The need to transmit such information over great distances introduced the need for ciphers that could not be broken. The widely-known one-time pad system was used. The essence of the system is that the key, which is only known to the sender and the receiver, is used only once. It is not a popular technique, since it is not very suitable for widespread use. But, unless the key was captured, the cipher could not be broken. With time even more German signals were being read, but only the most important were sent on, and so this encryption method could be used. Only a very few people were used to run these signals through the airways. They were called the Special Liaison Unit (SLU).
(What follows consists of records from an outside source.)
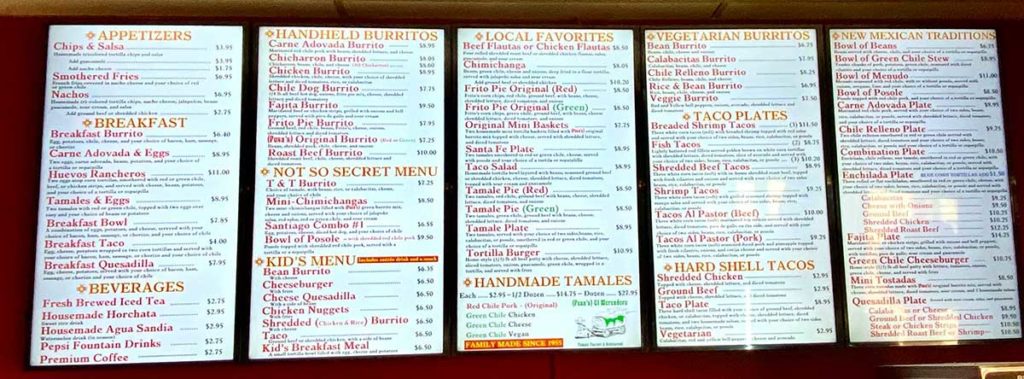 The staff puts together most any combo of meat and/or bean burritos, handheld or plated and smothered. The namesake Posa’s comes with shredded pork, beans, cheese, and chile. They offer a Frito pie burrito too, with the traditional pie fixings filling the tortilla. If you’re reading this on St. Patrick’s Day, there’s a corned beef burrito with — of course — green chile. Enchiladas, hard and soft tacos, and fajitas are also available. All come with flour tortillas or poofy sopaipillas, a touch sweet, but always good with honey as well. This is one place where side options always include calabacitas with green chile and corn along with the more usual beans, posole, or rice.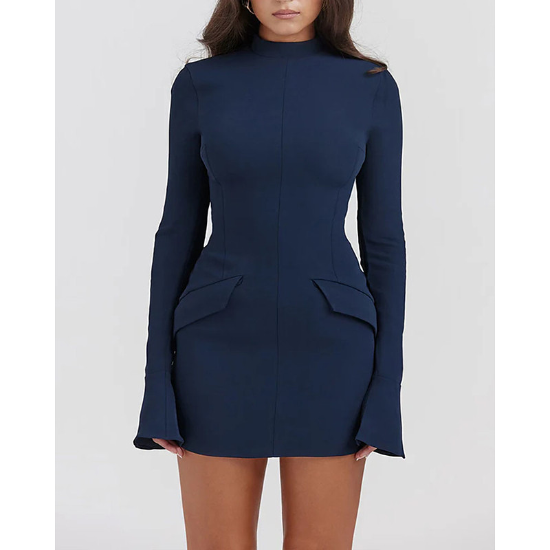 Women's Mini Dress Sheath Dress Fashion Modern Daily Office Vacation Regular Fit Plain Long Sleeve High Neck Black Navy Blue Spring Fall Winter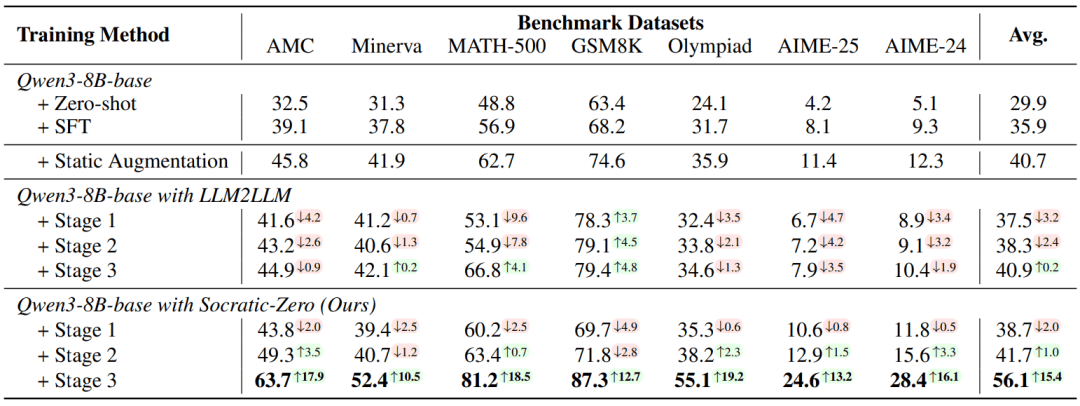 在 7 个数学推理基准(AMC23、AIME24/25、Olympiad、MATH-500、Minerva、GSM8K)上,Socratic-Solver-8B(基于 Qwen3-8B)平均准确率达 56.1%,相比 MetaMath 和 WizardMath(平均 40.7%),绝对提升 +15.4 个百分点;相比 LLM2LLM 提升 +15.2 个百分点。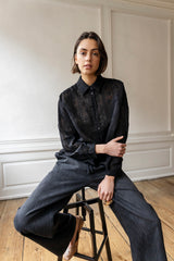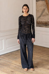 POLLY pants are our popular PJ Pants in a super soft organic cotton denim. The pants have straight legs and elastic waist with tie-strings. The pants have side pockets and are super comfortable.
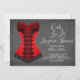 Ooh La La Lingerie Bridal Shower Invitation featuring a lacy black & red corset set on a popular chalkboard background with a coordinating back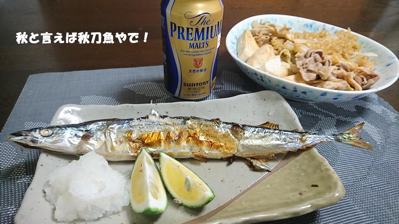 夕飯は先程の魚市場で買った秋刀魚とオカンお手製のすき焼。

This new organization needed a name to distinguish it easily from the other intelligence nets. F.W. Winterbotham, the leader of the organization, took suggestions from others on what to call it.

The name "Ultra Secret" was adopted; "Ultra" for short.

Enigma, which meant puzzle, was the machine which sent many to their grave a little bit early. Without the codes and the signals from the Enigma being deciphered, there would be, in my opinion, a very large German country, with a whole new map consisting of, not just West and East Germany, but also North and South. If it was not for the boys in Poland and the groups working at Bletchley, the Enigma possibly would have gone through the war without anybody having the slightest idea of what messages it was conveying. Considering all the pressure that these people had to go through, they should get a lot more credit than they now have. Before researching this project, I had never before heard of Alan Turing or even Dillwyn Knox. But considering how secret the Enigma was, I can understand the lack of knowledge among most people.

After all the codes were broken and most messages were being deciphered, the job was not done. Bletchley still had to accommodate for the changes the Germans made to the Enigma. Breaking one code was not enough, there was still very much to be done, considering the contacting of the people who needed to know what the codes said.

All the offices, barracks, and huts at Bletchley Park continued to work: the teleprinters carried typing, the experts continued to pore over their texts, deciphering signals at top speed, but the most important and the most dramatic period of the war had ended.

The war still continued in the Far East and the atom bomb had not yet been dropped, but the Enigma's decipherment and all its secrets, successes, achievements, and failures had played its part.

BIBLIOGRAPHY

Garlinski, Józef. The Enigma War. Charles Scriber's Sons, New York, NY.(c)1979.

Winterbotham, F.W. The Ultra Secret. Harper & Row, Publishers. SanFransisco, CA. (c)1974.

Bourdon, Georges. The German Enigma. J.M. Dent & Sons LTD. London, England. (c)1977.